Time to Change: How We Treat Those Living With Dementia and Why We Must Stop It

We often pride ourselves on being a compassionate society. Yet when it comes to how we perceive, interact with, and support people living with dementia and their caregivers, we still fall short.

Despite significant advances in healthcare, research, and public awareness campaigns, dementia remains misunderstood by the public, stigmatized in everyday interactions, and inadequately addressed in community systems. And that resistance to change — even in the face of evidence — is harming real people, real caregivers, and real communities.

According to the World Health Organization, dementia affects millions worldwide and is one of the leading causes of disability and dependency among older people. Nearly 57 million people are living with dementia today, and this number is expected to grow dramatically in the coming decades.  The impacts extend far beyond the individual — touching families, caregivers, healthcare systems, workplaces, and communities.

Why Change Is So Hard - Even When It Matters

Psychologists and sociologists describe social inertia as the tendency to maintain existing structures, norms, and behaviors even when they no longer serve people well. It’s the pull of habit, comfort, and the familiar even in the face of new evidence. 

In the case of dementia, this resistance shows up in many ways:

• Believing dementia is a normal, inevitable part of aging rather than a diagnosable set of brain conditions that can be understood, diagnosed early, and supported. 

• Ignoring caregivers’ needs and assuming misunderstanding will not have serious consequences. 

• Turning away from engagement, assuming that distance and pity are enough.

• Failing to adapt community spaces, services and public systems to the realities of dementia.

Psychological resistance to change is well documented in clinical settings as a barrier to adopting new and effective care practices. People often minimize, deny, or avoid changing behaviors — even when doing so would improve outcomes and reduce harm. 

But with dementia, the costs of resistance are real, measurable, and growing.

Each year nearly 10 million new dementia cases are diagnosed globally.  Informal caregivers provide an enormous amount of care — often without adequate support, recognition, or respite — at great personal and emotional cost.  And millions of individuals living with dementia experience stigma, denial of basic rights, and barriers to care. 

This isn’t just a personal tragedy — it’s a public health priority, one that WHO and Alzheimer’s associations around the world continue to advocate for through awareness, policy, and action. 

Why Turning a Blind Eye Isn’t Enough

Too often our response to dementia is emotional — feeling sorry from a distance — instead of structural and proactive. But caring for the vulnerable isn’t something we only do out of kindness; it’s something that sustains thriving communities, strong economies, and shared wellbeing.

When we refuse to see what is happening, we miss opportunities for early diagnosis, intervention, and risk reduction. We miss chances to support caregivers who are bearing significant psychological, financial, and physical burdens. And we fail to create environments — public and private — that honor dignity and belonging.

As global health leaders urge, we must shift dementia from a topic whispered about to a priority spoken about, planned for, and acted upon. 

The Change We Must Embrace

Change doesn’t happen by accident. It happens when we:

• Educate ourselves and others about what dementia is and what it isn’t.

• Challenge assumptions that ignore individual needs and lived experiences.

• Support caregivers with resources, respect, and recognition.

• Adapt systems — healthcare, public services, workplaces, and community spaces — so that people living with dementia and their caregivers are included, supported, and protected.

Change also comes when we choose compassionate action over passive sympathy.

Dementia Guardian: Turning Understanding Into Action

The mission of Dementia Guardian is to help bridge that gap between awareness and real-world understanding — to give caregivers and communities a way to signal that patience, dignity, and care matter.

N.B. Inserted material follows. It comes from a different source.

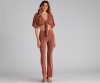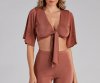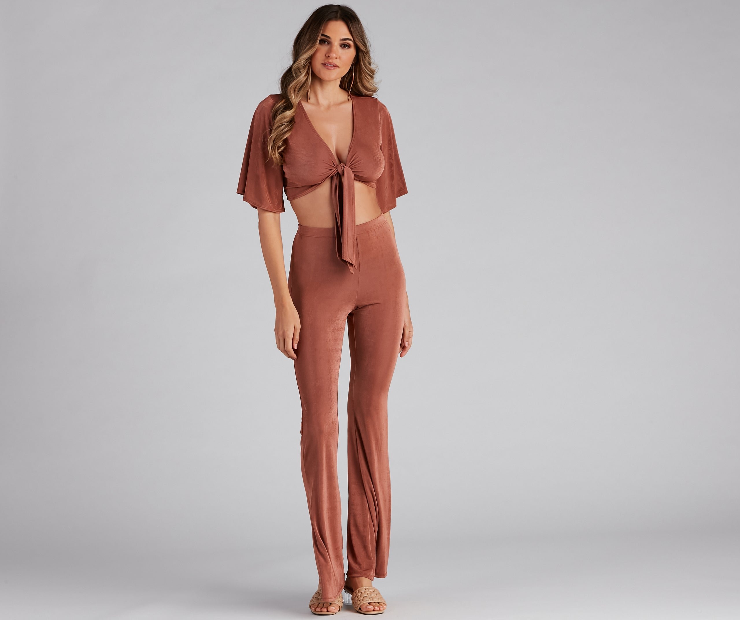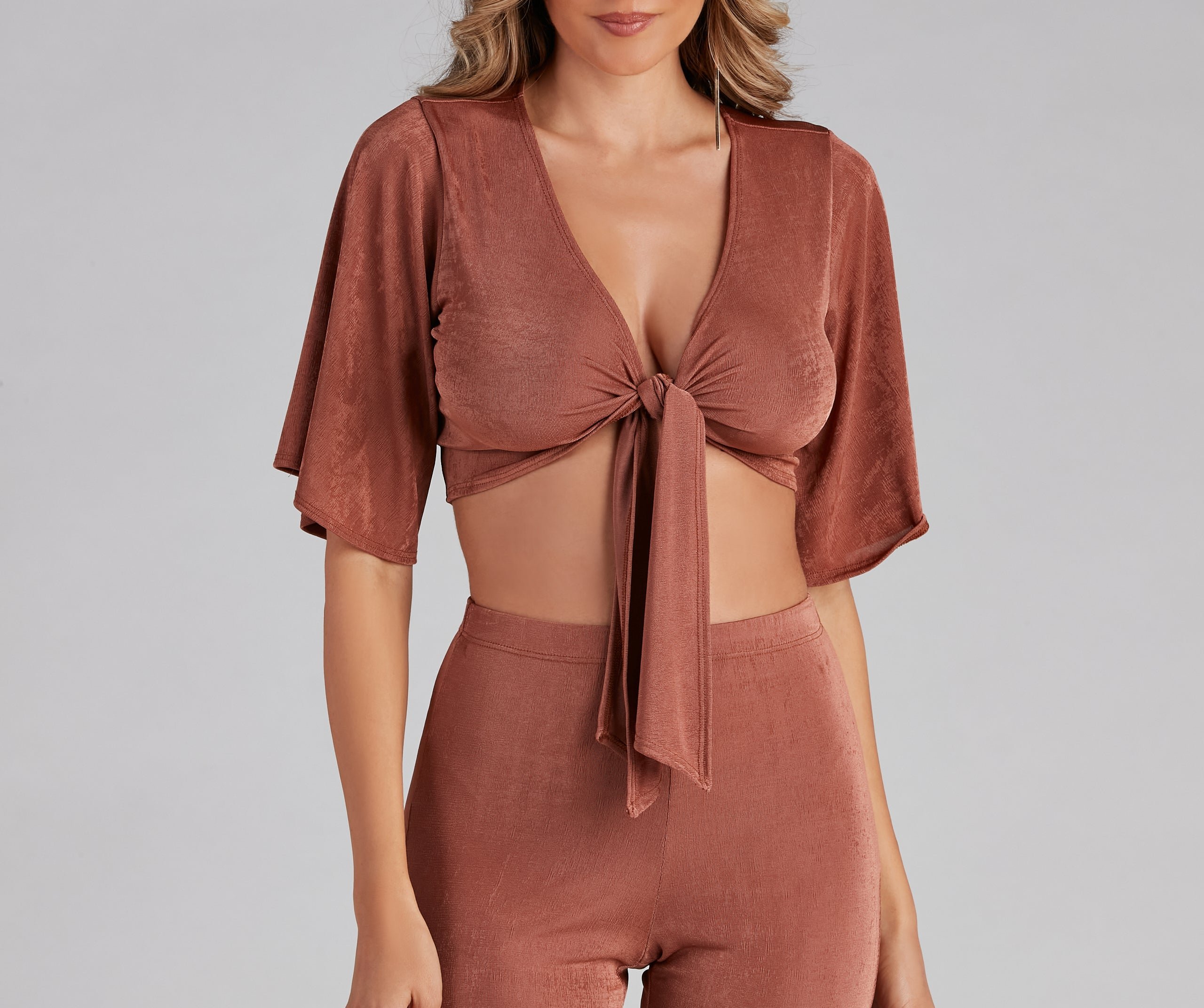 Create a flirty vibe in this flowy 3/4 sleeve crop top featuring a plunge v-neck with a tie-front on slinky knit fabric. Complete the look in the matching bottoms.

When awareness becomes visible, it invites:

• Interaction based on human understanding, not assumption

• Support that is informed and deliberate, not cursory

• Communities that include instead of overlook

This is bigger than a symbol. It’s part of a movement toward more humane, empathetic, and prepared communities — a movement that recognizes that caring for the vulnerable isn’t optional. It’s essential.

Because supporting people living with dementia, and those who care for them, doesn’t just improve individual lives — it strengthens the social fabric that binds us all.

Because caring for the vulnerable isn’t an act of charity — it’s the foundation of a thriving, compassionate society. Dementia Guardian exists to make understanding visible and kindness actionable — one moment at a time.